* Your task *
An exact copy is all that is wanted: the lines from the one with "Reflectivity factor for" through the end of the listing below, both included, minus any pictures.

* Given information *
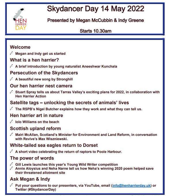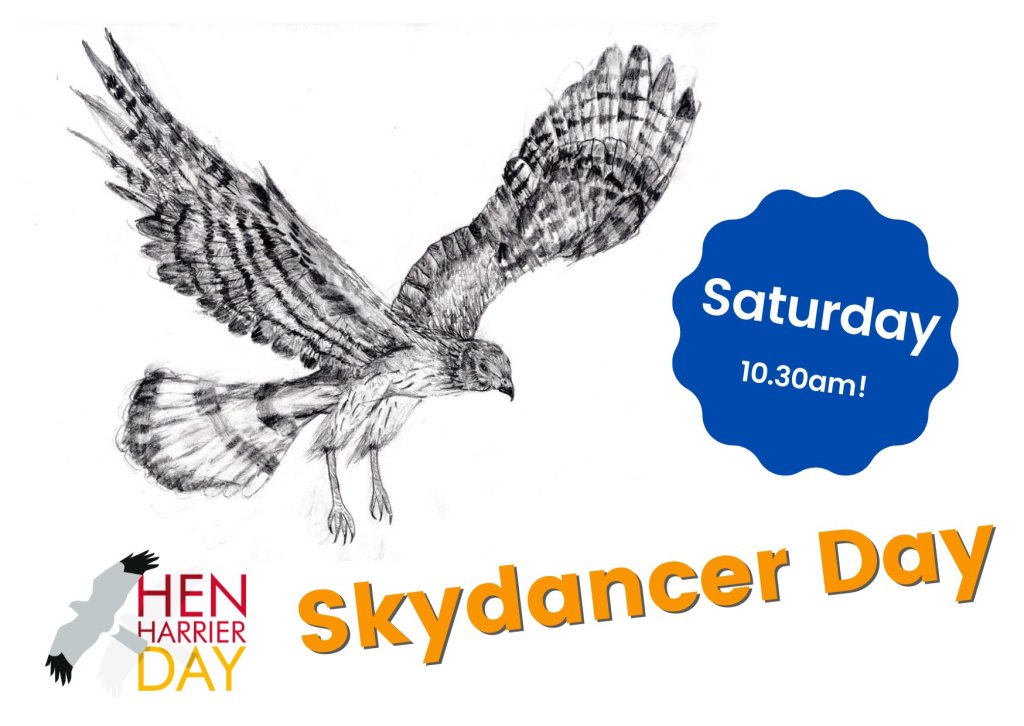 This year, Skydancer Day will take place on Saturday (14th May 2022) from 10.30am and can either be watched live on Hen Harrier Action’s YouTube channel (here) or you can watch the recorded video any time after the event.
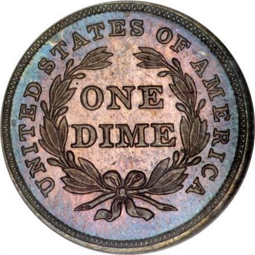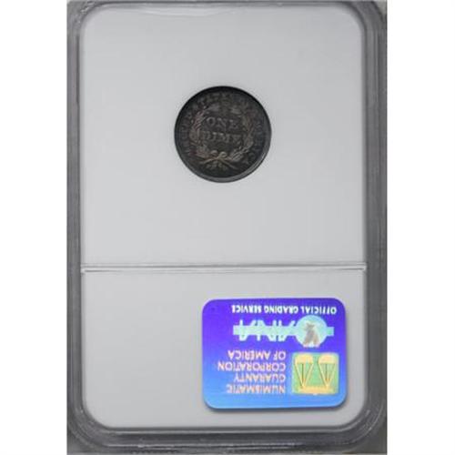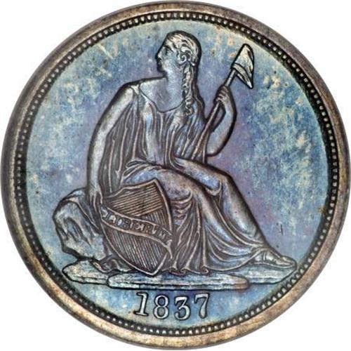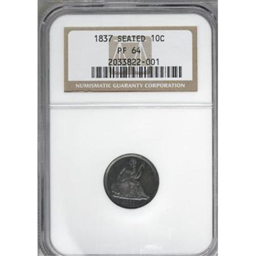<B>1837 10C No Stars PR64 NGC.</B></I> The 1837 dime is quite valuable in proof format. It is of the Large Date variety, which has a flat top to the 3. It also displays a spur from the rim over the first T in STATES.<BR> Walter Breen, in his 1989 <I>Encyclopedia of United States and Colonial Proof Coins</B></I>, says 30-plus 1837 proofs were struck on June 30, 1837, with "possibly 20 seen in all, some badly cleaned." NGC and PCGS have, to date, graded a total of 41 pieces from PR60 to PR67, an unknown number of which are obviously resubmissions.<BR> Low-intensity cobalt-blue patina dominates the obverse of this near-Gem, which shows a splash of light purple in the center. The latter color covers most of the reverse, with cobalt-blue concentrating at the margins. The strike is uniformly crisp, befitting a proof impression, leaving no elements with even the slightest hint of weakness. A few minute obverse handling marks are all that keep this lovely example from full Gem classification. Census: 11 in 64, 5 finer (11/07).<BR><BR><b>Shipping:</b> Coins & Currency (<a target="_blank" href="http://www.heritageauctions.com/common/shipping.php">view shipping information</a>)
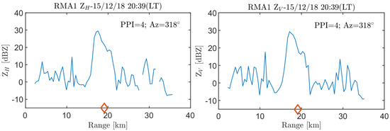 Reflectivity factor for both the horizontal (Z) and vertical (Z) channels as a function of distance to radar (range) for azimuth of 318°. The red rhombus marks shelter position.
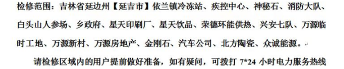 해당 구역내 사용호들이 미리 준비를 하고 의문이 있으면 7*24시간 전력봉사열선 0433-4314444 혹은 0433-4315555에 자문하기 바란다.

* Response area *
 Reflectivity factor for both the horizontal (Z) and vertical (Z) channels as a function of distance to radar (range) for azimuth of 318°. The red rhombus marks shelter position.
 해당 구역내 사용호들이 미리 준비를 하고 의문이 있으면 7*24시간 전력봉사열선 0433-4314444 혹은 0433-4315555에 자문하기 바란다.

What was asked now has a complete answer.